(Exercise data Opens)

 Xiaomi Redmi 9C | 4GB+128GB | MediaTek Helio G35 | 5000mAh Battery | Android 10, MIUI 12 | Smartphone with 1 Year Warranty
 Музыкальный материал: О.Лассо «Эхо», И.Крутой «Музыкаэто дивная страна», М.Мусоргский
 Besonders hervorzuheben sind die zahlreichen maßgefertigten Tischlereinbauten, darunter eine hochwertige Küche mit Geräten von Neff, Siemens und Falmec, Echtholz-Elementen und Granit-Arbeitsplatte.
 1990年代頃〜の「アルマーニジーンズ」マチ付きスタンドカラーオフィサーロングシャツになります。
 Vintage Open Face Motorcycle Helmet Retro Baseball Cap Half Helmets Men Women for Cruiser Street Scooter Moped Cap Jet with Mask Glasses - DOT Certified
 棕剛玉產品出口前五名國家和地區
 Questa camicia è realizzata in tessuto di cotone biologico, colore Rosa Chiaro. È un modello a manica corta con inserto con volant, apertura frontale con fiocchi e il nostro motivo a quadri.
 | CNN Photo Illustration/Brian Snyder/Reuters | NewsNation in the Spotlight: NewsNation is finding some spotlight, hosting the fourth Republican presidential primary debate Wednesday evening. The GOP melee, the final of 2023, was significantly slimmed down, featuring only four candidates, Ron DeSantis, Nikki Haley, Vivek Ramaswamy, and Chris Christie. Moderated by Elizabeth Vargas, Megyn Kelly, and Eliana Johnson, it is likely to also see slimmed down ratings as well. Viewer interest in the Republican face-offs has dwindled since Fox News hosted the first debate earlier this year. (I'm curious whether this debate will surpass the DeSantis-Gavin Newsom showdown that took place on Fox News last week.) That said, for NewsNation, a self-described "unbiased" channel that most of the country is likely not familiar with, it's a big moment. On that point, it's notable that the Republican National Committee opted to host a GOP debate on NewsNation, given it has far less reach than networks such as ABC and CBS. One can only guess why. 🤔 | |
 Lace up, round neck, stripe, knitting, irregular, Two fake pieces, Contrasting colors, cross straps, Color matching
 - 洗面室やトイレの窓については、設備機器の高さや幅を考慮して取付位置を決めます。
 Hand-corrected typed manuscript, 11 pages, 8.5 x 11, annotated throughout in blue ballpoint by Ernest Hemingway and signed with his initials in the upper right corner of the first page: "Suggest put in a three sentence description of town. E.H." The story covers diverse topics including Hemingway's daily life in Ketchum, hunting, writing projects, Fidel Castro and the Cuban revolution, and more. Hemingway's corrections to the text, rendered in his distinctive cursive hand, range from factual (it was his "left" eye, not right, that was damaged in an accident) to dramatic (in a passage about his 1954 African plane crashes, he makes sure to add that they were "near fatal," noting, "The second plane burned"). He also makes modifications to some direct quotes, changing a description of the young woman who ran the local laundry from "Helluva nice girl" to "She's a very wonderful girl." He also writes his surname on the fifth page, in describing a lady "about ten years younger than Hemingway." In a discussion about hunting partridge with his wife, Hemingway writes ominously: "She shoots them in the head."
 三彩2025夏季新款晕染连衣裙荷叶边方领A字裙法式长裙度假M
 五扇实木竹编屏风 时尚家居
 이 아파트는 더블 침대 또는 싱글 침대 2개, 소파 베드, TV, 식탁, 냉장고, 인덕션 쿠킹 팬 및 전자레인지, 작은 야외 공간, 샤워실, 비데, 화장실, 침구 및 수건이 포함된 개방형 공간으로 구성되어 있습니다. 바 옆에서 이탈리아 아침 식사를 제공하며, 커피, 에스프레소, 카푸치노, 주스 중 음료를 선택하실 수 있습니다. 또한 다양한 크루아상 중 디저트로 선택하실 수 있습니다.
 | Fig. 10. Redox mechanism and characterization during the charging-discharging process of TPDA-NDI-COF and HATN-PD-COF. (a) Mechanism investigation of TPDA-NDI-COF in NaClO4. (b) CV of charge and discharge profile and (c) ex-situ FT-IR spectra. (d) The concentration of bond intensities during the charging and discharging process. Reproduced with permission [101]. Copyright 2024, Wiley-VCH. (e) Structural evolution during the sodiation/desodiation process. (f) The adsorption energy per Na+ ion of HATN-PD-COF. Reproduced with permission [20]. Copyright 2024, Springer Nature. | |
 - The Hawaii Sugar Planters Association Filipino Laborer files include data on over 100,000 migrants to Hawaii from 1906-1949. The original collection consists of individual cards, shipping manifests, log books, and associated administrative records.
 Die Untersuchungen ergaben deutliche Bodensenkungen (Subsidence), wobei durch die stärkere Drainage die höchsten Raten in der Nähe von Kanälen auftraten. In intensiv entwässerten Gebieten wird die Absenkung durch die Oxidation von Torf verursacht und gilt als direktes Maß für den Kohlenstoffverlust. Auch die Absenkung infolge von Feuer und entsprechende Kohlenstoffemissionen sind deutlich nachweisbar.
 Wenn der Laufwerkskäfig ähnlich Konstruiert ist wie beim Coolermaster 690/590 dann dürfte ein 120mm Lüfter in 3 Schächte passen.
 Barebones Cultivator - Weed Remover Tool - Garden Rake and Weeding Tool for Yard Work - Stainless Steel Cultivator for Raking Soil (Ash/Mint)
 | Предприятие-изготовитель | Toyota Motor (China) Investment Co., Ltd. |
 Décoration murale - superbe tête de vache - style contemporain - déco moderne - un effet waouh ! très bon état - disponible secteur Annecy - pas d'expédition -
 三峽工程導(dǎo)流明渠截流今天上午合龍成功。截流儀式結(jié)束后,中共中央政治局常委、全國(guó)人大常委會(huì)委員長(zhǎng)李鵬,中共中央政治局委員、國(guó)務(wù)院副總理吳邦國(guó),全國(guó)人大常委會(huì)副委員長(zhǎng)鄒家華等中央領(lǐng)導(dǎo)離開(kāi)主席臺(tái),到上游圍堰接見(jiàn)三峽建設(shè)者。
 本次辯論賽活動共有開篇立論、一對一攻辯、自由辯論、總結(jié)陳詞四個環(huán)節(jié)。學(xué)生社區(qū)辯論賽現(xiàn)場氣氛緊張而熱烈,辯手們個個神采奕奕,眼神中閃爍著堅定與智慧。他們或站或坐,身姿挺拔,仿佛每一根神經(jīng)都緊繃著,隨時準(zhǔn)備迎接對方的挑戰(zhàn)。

(Exercise data Closes)

■ **Exercise requirements**
Among the lines above, find those with the word "sind". Copy them.

■ **The answer**
 Besonders hervorzuheben sind die zahlreichen maßgefertigten Tischlereinbauten, darunter eine hochwertige Küche mit Geräten von Neff, Siemens und Falmec, Echtholz-Elementen und Granit-Arbeitsplatte.
 Die Untersuchungen ergaben deutliche Bodensenkungen (Subsidence), wobei durch die stärkere Drainage die höchsten Raten in der Nähe von Kanälen auftraten. In intensiv entwässerten Gebieten wird die Absenkung durch die Oxidation von Torf verursacht und gilt als direktes Maß für den Kohlenstoffverlust. Auch die Absenkung infolge von Feuer und entsprechende Kohlenstoffemissionen sind deutlich nachweisbar.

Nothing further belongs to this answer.